WHAT THE EXERCISE ASKS.
Only the lines below from the one containing "CCTV新闻:根据 @Ping'an Hanjiang的说法,9月6日左右,在该地区的Hualou" through the one containing "Rolex Datejust 36" belong in the answer, repeated exactly and without pictures.

RECORDS SHOWN.
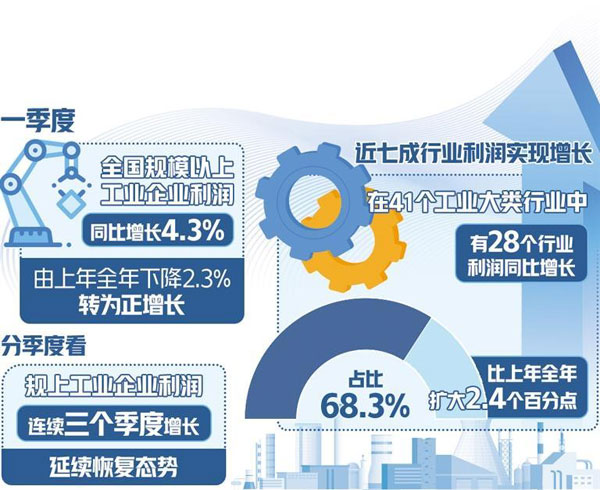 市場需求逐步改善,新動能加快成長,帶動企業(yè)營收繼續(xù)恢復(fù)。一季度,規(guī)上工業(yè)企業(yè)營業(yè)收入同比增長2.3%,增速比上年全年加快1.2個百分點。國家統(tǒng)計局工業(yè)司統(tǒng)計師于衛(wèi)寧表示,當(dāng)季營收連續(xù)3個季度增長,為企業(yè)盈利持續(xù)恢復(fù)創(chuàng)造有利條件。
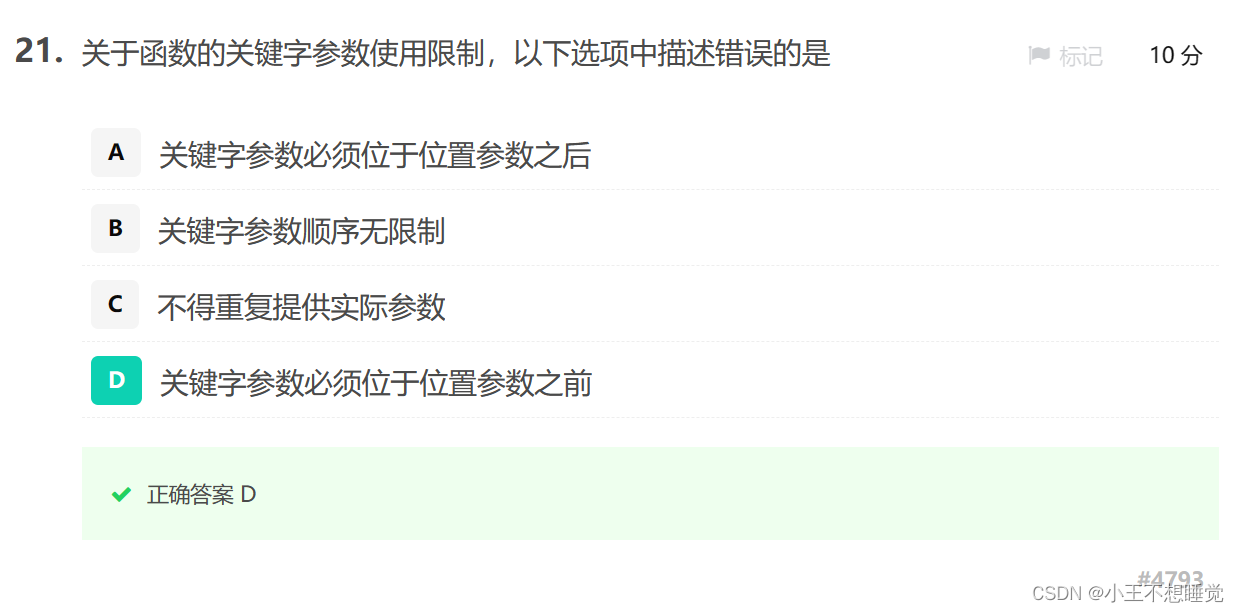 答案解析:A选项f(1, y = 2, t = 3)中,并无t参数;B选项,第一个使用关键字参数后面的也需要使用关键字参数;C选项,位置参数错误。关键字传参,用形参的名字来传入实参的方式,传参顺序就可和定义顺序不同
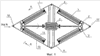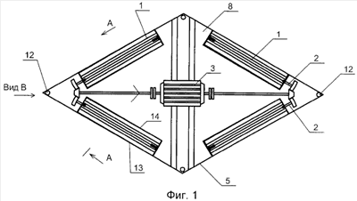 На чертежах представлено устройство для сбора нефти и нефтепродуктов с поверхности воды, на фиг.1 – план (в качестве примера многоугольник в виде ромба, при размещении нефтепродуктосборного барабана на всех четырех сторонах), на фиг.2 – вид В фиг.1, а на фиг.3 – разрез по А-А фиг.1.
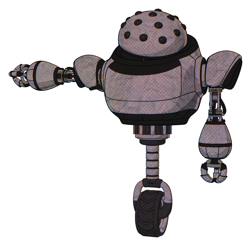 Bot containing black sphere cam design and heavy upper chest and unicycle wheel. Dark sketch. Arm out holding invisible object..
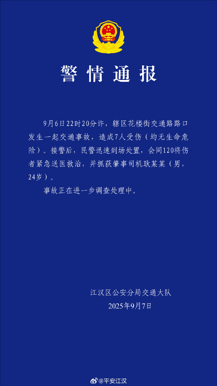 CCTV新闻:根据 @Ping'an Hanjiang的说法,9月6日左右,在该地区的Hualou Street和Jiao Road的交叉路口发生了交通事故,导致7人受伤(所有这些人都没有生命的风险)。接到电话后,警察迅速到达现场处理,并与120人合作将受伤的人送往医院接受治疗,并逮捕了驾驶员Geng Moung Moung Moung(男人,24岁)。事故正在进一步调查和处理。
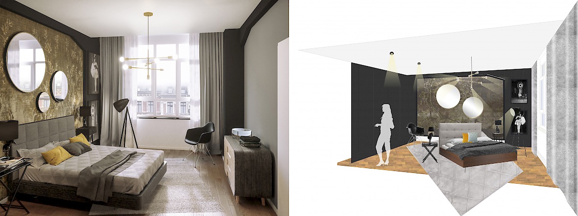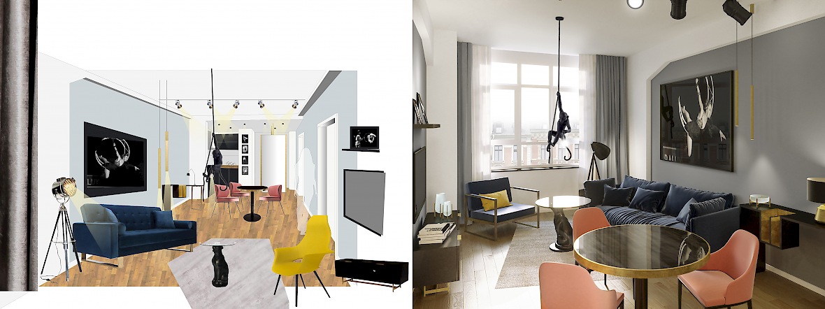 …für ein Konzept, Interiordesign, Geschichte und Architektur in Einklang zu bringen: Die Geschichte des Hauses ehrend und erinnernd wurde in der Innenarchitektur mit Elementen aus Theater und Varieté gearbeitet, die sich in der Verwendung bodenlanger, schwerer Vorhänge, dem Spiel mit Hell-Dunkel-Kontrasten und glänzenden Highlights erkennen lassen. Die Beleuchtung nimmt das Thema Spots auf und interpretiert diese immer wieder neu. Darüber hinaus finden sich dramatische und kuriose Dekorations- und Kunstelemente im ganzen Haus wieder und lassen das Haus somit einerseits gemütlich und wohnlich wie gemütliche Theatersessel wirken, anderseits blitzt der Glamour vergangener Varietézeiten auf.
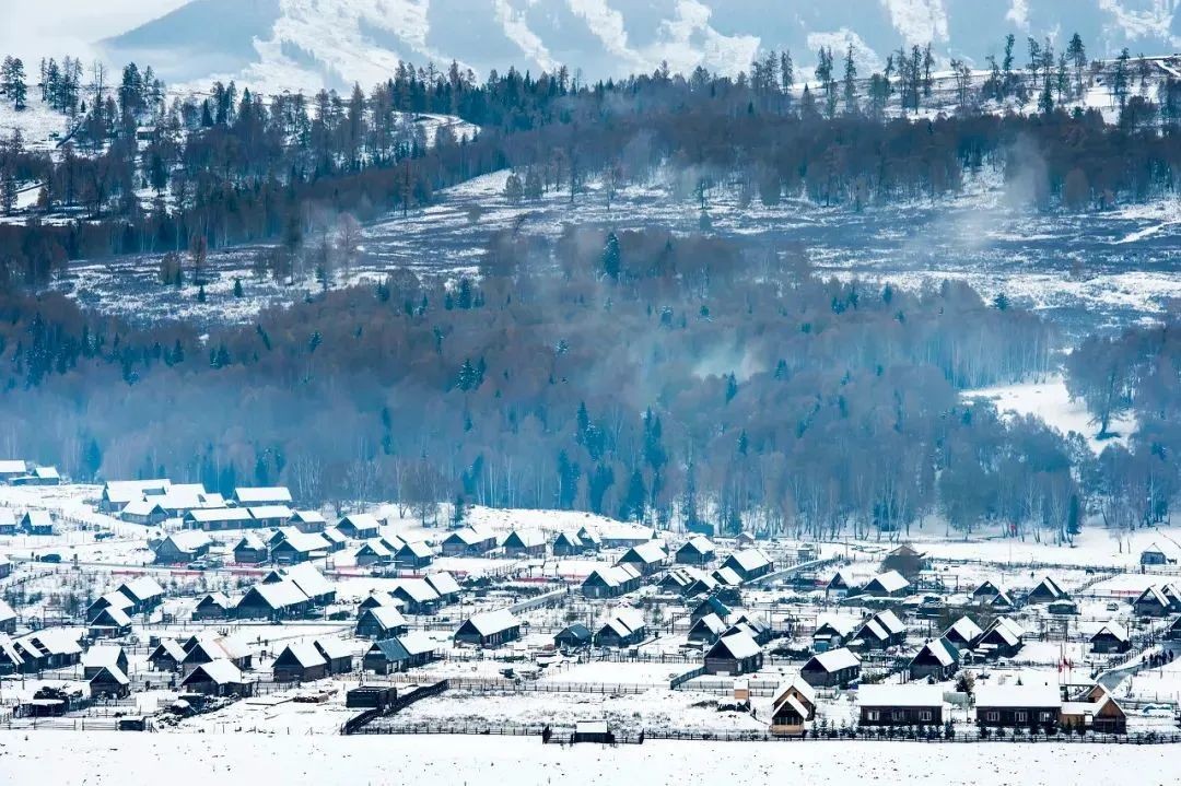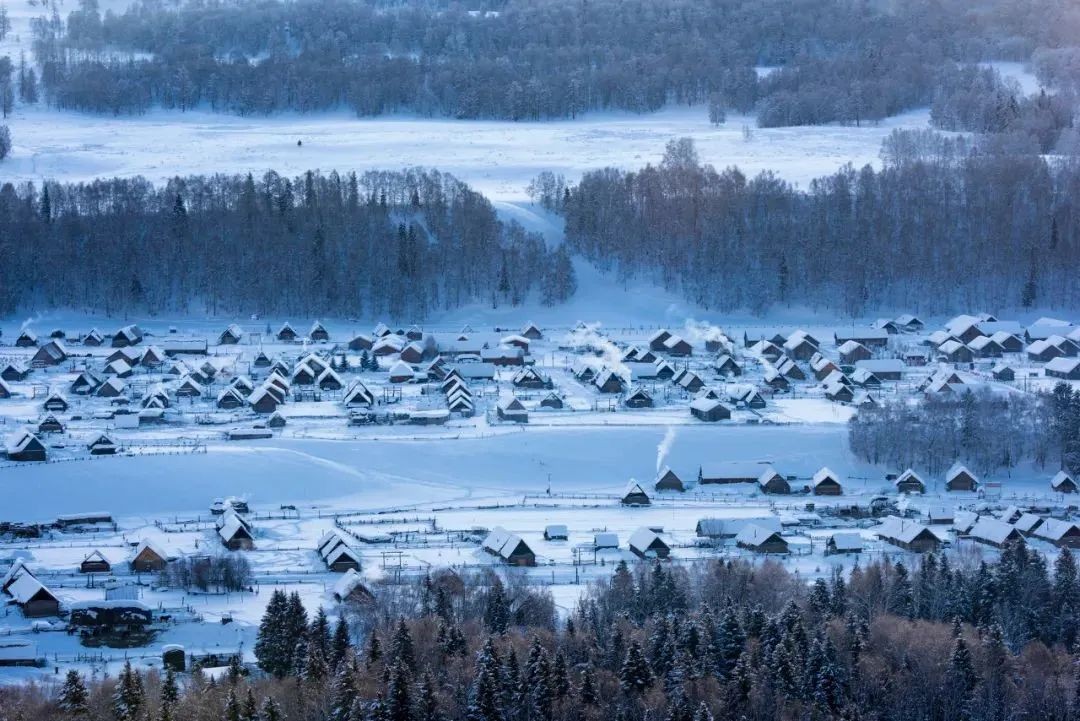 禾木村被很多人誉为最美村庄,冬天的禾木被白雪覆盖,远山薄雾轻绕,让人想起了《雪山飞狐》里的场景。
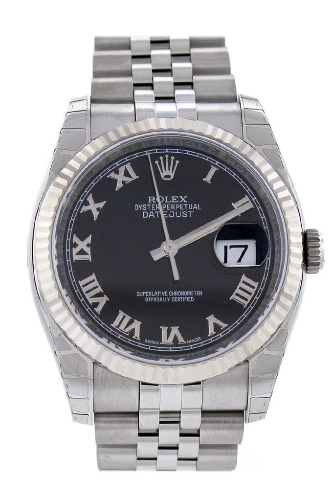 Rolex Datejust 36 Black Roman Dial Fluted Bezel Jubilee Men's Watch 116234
* * *
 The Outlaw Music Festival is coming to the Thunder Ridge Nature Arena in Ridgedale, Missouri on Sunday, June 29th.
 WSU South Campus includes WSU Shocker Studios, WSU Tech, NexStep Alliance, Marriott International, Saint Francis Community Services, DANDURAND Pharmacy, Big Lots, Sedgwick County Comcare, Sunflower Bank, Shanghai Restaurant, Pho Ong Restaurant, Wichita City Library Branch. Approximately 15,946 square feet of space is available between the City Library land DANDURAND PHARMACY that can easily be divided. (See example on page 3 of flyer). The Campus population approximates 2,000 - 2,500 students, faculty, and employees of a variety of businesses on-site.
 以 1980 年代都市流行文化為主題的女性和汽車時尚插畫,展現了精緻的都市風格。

TASK ANSWER.
 CCTV新闻:根据 @Ping'an Hanjiang的说法,9月6日左右,在该地区的Hualou Street和Jiao Road的交叉路口发生了交通事故,导致7人受伤(所有这些人都没有生命的风险)。接到电话后,警察迅速到达现场处理,并与120人合作将受伤的人送往医院接受治疗,并逮捕了驾驶员Geng Moung Moung Moung(男人,24岁)。事故正在进一步调查和处理。
 …für ein Konzept, Interiordesign, Geschichte und Architektur in Einklang zu bringen: Die Geschichte des Hauses ehrend und erinnernd wurde in der Innenarchitektur mit Elementen aus Theater und Varieté gearbeitet, die sich in der Verwendung bodenlanger, schwerer Vorhänge, dem Spiel mit Hell-Dunkel-Kontrasten und glänzenden Highlights erkennen lassen. Die Beleuchtung nimmt das Thema Spots auf und interpretiert diese immer wieder neu. Darüber hinaus finden sich dramatische und kuriose Dekorations- und Kunstelemente im ganzen Haus wieder und lassen das Haus somit einerseits gemütlich und wohnlich wie gemütliche Theatersessel wirken, anderseits blitzt der Glamour vergangener Varietézeiten auf.
 禾木村被很多人誉为最美村庄,冬天的禾木被白雪覆盖,远山薄雾轻绕,让人想起了《雪山飞狐》里的场景。
 Rolex Datejust 36 Black Roman Dial Fluted Bezel Jubilee Men's Watch 116234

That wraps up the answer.